Victor and his family live in a small house in the countryside. The Green Climate Fund (GCF) funds a hydropower project in the area which jeopardizes indigenous land rights for many affected people – also for Victor and his family. Unfortunately, they were neither informed about the project itself, nor about potential implications for the people living there. The local authorities told them recently that they will have to leave their house and land soon.

Victor is afraid of losing his family’s home and therefore their livelihood. They are not well acquainted with the project itself and the legal situation in relation to land rights, relocation or compensation. To make matters worse, they don’t speak the same language as the organization implementing the project. Victor and his family, as well as most of the neighbors in the area, only speak Swahili, while the project organization operates mostly in English. Victor is afraid that this situation might constitute a serious obstacle for him and his family.

What can Victor do in light of these difficult circumstances and what role does language play in finding an appropriate solution for those affected by GCF projects?

First of all, people on the ground like Victor and his family have the possibility to file a complaint if they feel adversely affected by a GCF project.

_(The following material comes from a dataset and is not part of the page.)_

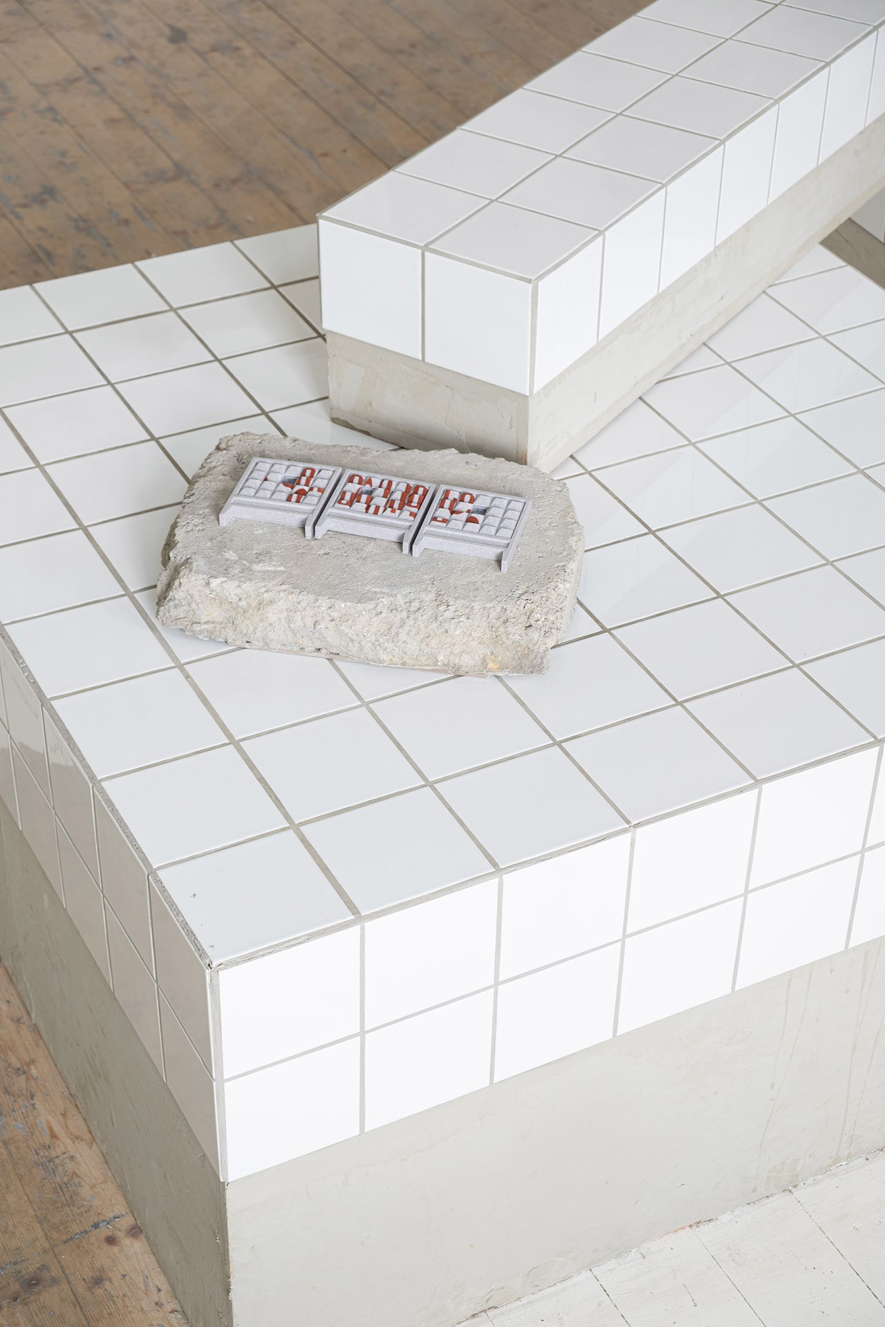 Sliding Puzzle POLUS, 3D print, PLA filament, acrylic, concrete, H: 13 cm W: 33 cm D: 1,5 cm, 2023

They can approach the accredited entity’s Grievance Redress Mechanism (GRM). All of GCF accredited organizations are obliged to have a GRM under an agreement signed by them. Furthermore, in larger projects, the project itself might have a grievance mechanism in place to ensure accountability and accessibility on the ground. Finally, they can always reach out to the Independent Redress Mechanism (IRM), an independent body of the GCF that receives complaints and provides help to people affected by GCF’s projects. Victor, on behalf of himself, his family or other persons, can therefore file a complaint to any one of these bodies.

Nevertheless, language is still a key factor to consider when supporting beneficiaries of development projects. Even if project partners on the ground operate and provide information about the project in local languages, it is critical that GRMs are accessible in different languages through various channels.

Ideally, all of the information about grievance redress and accountability, guidance to filing a complaint, and the mechanisms’ procedures should be distributed to potentially affected people in various languages beforehand. At the very least, if people or communities want to file a complaint, they should have the possibility to do it in a language they feel comfortable with. Since expressing a concern is often quite difficult for persons or communities, accountability mechanisms need to ensure that additional hurdles such as language barriers are minimized. Not everyone in project areas has access to often costly translation services and emotionally challenging situations are more easily and precisely formulated in one’s mother tongue.

Negatively affected individuals or communities like Victor and his family can therefore access the Independent Redress Mechanism (IRM) of the Green Climate Fund through several channels in any preferred language. The IRM will have the complaint translated and respond in the language of the complainant. Furthermore, the IRM has a large roster of translators in different parts of the world to make sure that it acts promptly and effectively when handling a complaint. This ensures accessibility for all persons and communities, no matter their area.

Moreover, the IRM tries to address language barriers more generally. To increase the awareness about the IRM in different parts of the world, we try to inform people on the ground about the mechanism and its functions in various languages. The IRM’s information brochure, which is distributed regularly in different regions, is available in several languages, and we are currently working on translating it into numerous other languages. Lastly, the IRM’s videos can also be accessed in Spanish or Arabic – other translations will follow soon.

Accessibility can have various aspects, but language is definitely a key consideration. The IRM will continue its multilingual efforts and actions to provide support and recourse for affected people and communities in developing countries.